Vegetable or other neutral oil

Method

  1. Whisk together the egg yolks, mustard, vinegar, and pummelled garlic in a bowl big enough to contain about half a litre. Mix the oils in a jug and slowly pour in about a tbsp at a time, whisking until smooth. Once the oil is all combined and the mayonnaise is looking silky smooth, test and season to tastes. Refrigerate.
  2. Oven on, set to 200C. Slice up the potatoes into your interpretation of a chip. Peel if you want, I don’t. Wash and add to cold, salted water in a saucepan. Heat on full until the water just boils (less than ten minutes). Drain in a colander and allow to steam for a couple of minutes.
  3. While the chips are coming to the boil, sort your flour, egg, and breadcrumbs into three separate bowls or plates and slice up your fishy. Season the flour heavily, way more than you think is sensible.
  4. In a large mixing bowl, gently drop in your chips and the olive oil. Toss to coat. Use your hands if you have asbestos fingers like me, otherwise a wooden spoon or something. Be careful not to smash them to smithereens. Once they’re all coated, season with salt and pepper and the paprika.

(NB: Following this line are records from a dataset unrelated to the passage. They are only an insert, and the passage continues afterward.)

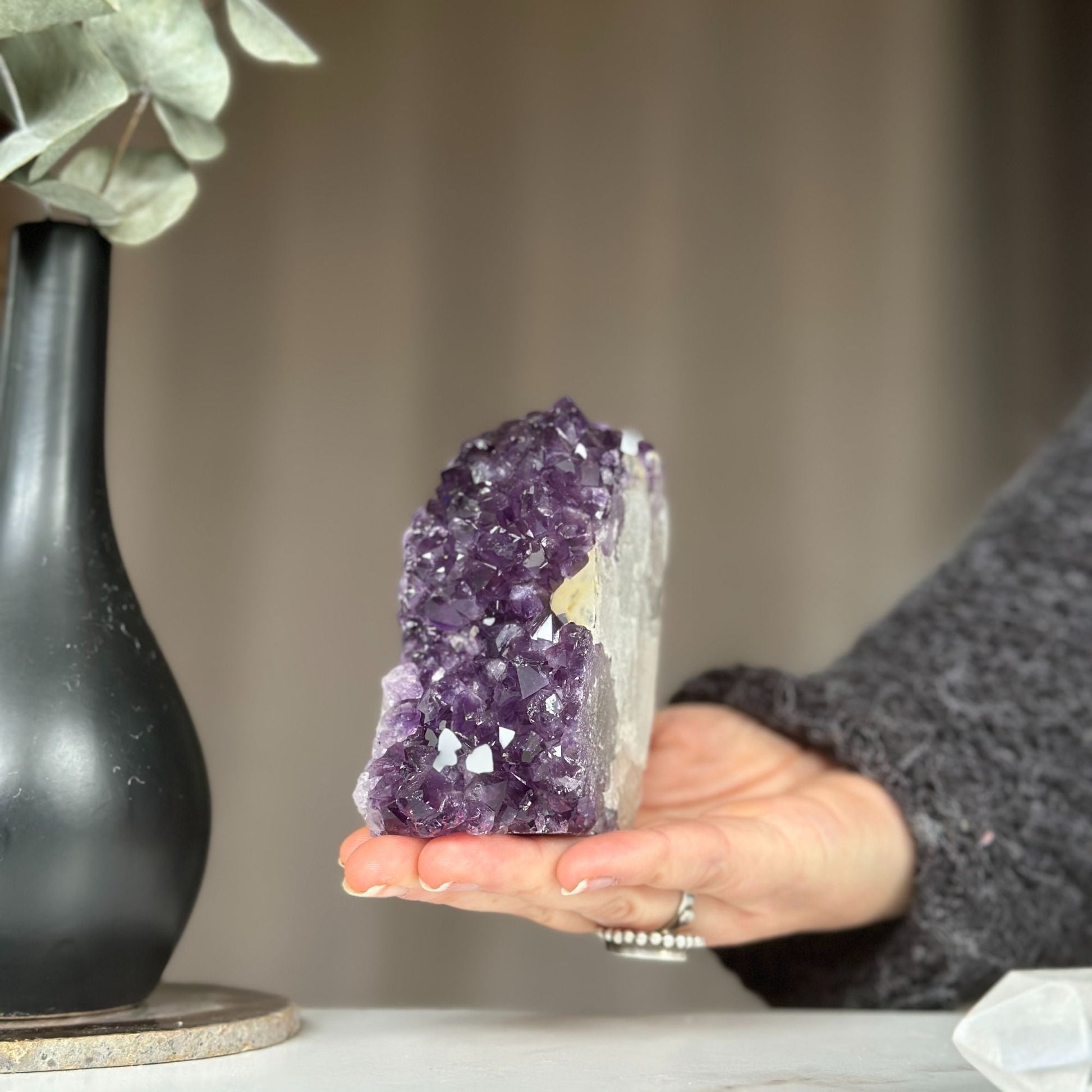 This amethyst cathedral geode has the highest quality of the semi precious stones. It's a unique self standing crystal cluster form Uruguay.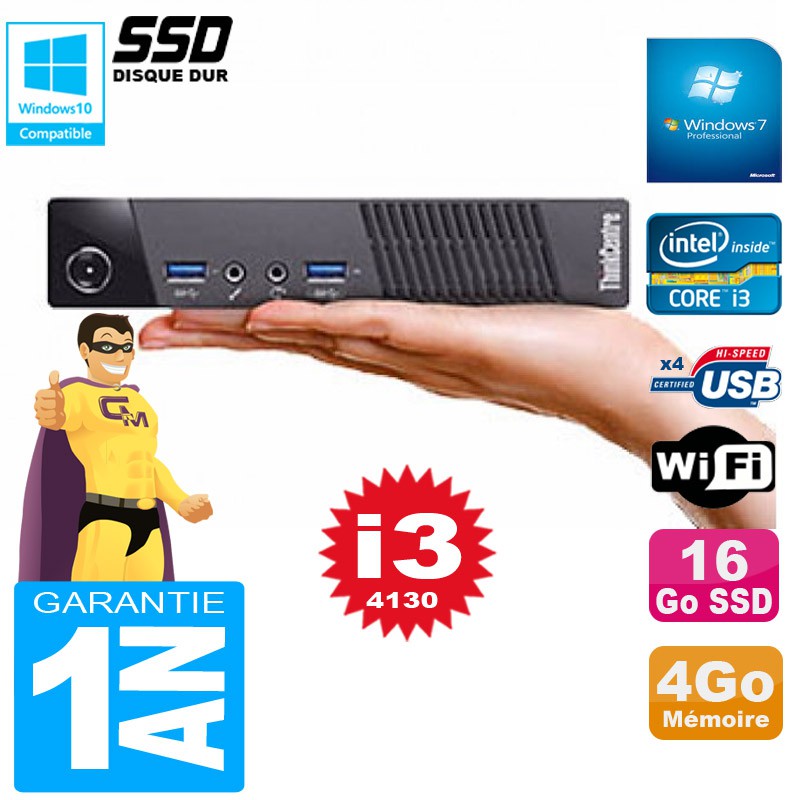 Ultra Mini PC Lenovo M73 USFF Tiny - Core I3-4130 3,4Ghz (3 Mo de cache) - 4 Go DDR3 - Disque Dur 16 Go SSD - Clé WIFI USB - Windows 7 Pro - Garantie = 1 an.
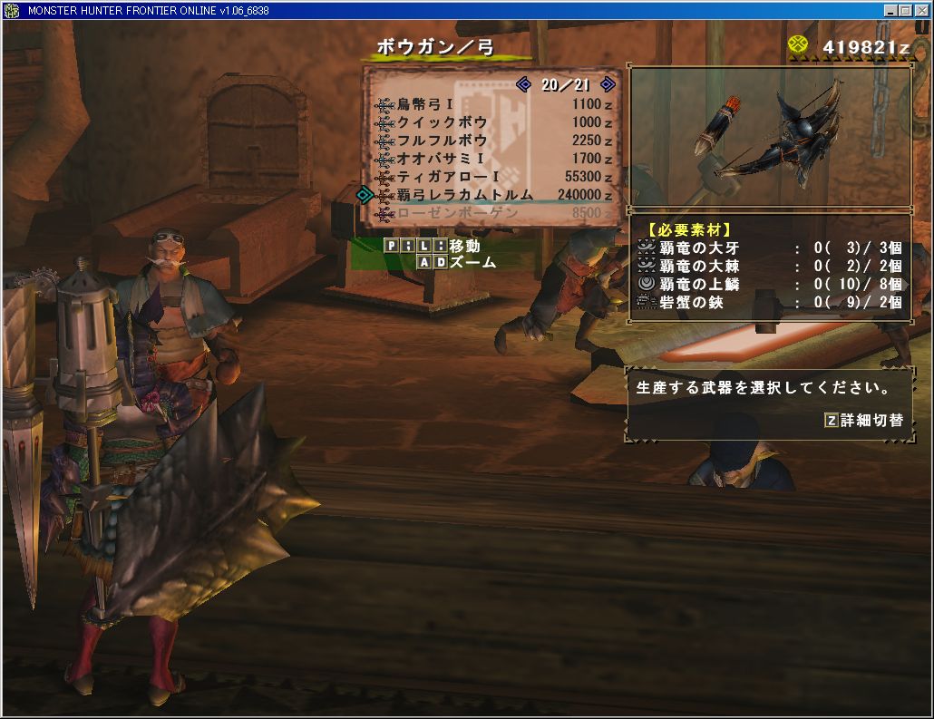 ついにアカムトルム素材で出来る強い弓、「覇弓レラカムトルム」の素材が揃った!作るかどうかはまだ悩み中。
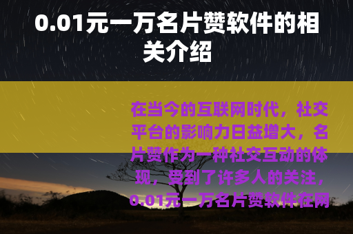 在当今的互联网时代,社交平台的影响力日益增大,名片赞作为一种社交互动的体现,受到了许多人的关注,0.01元一万名片赞软件在网络上引起了不小的轰动。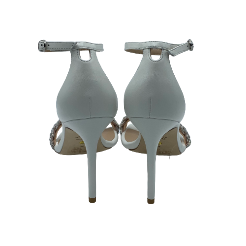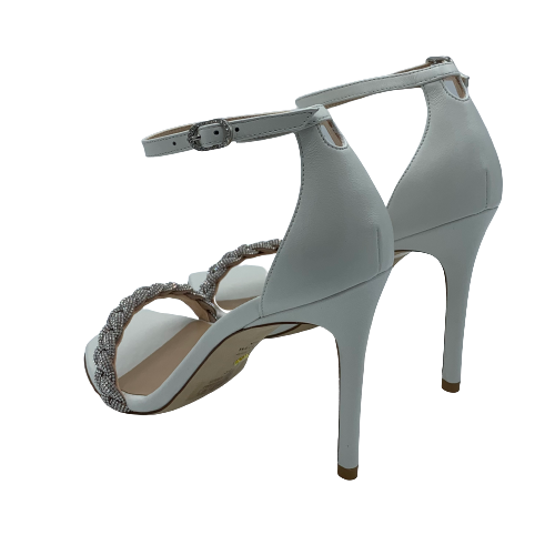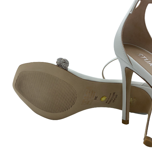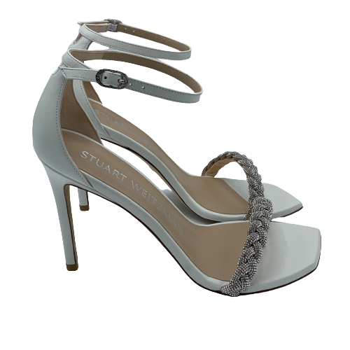 Sandalo Stuart Weitzman in Pelle Color Gesso mit Intrecciata Fascetta und Strassapplikationen

  5. Spread the chips out on a baking sheet so there’s a bit of space between each one. Use two baking sheets rather than crowd them. Bang ’em in the oven for 15-25 minutes depending on your oven. Fan ovens tend to cook quicker. Take them out and flip them over halfway.
  6. Get a large sauté pan on the hob with half a centimetre of vegetable oil in the bottom. Once you’ve flipped the chips, turn the heat on medium-high and wait for the oil to heat up. Test the heat with some off-cut fish or potato, once it’s at sizzling temperature, you’re ready.
  7. Working as quickly as you can, coat each fish finger in first the seasoned flour, then the egg, then the breadcrumbs — shaking off excess after each– and lay gently in the hot oil. Cook for about 2-3 minutes on each side. The fish will be just cooked through, juicy and flaky. Remove from the fat and leave for a minute on some kitchen roll while you plate up.
  8. Serve chips, fish fingers, garlic mayo with some garden peas.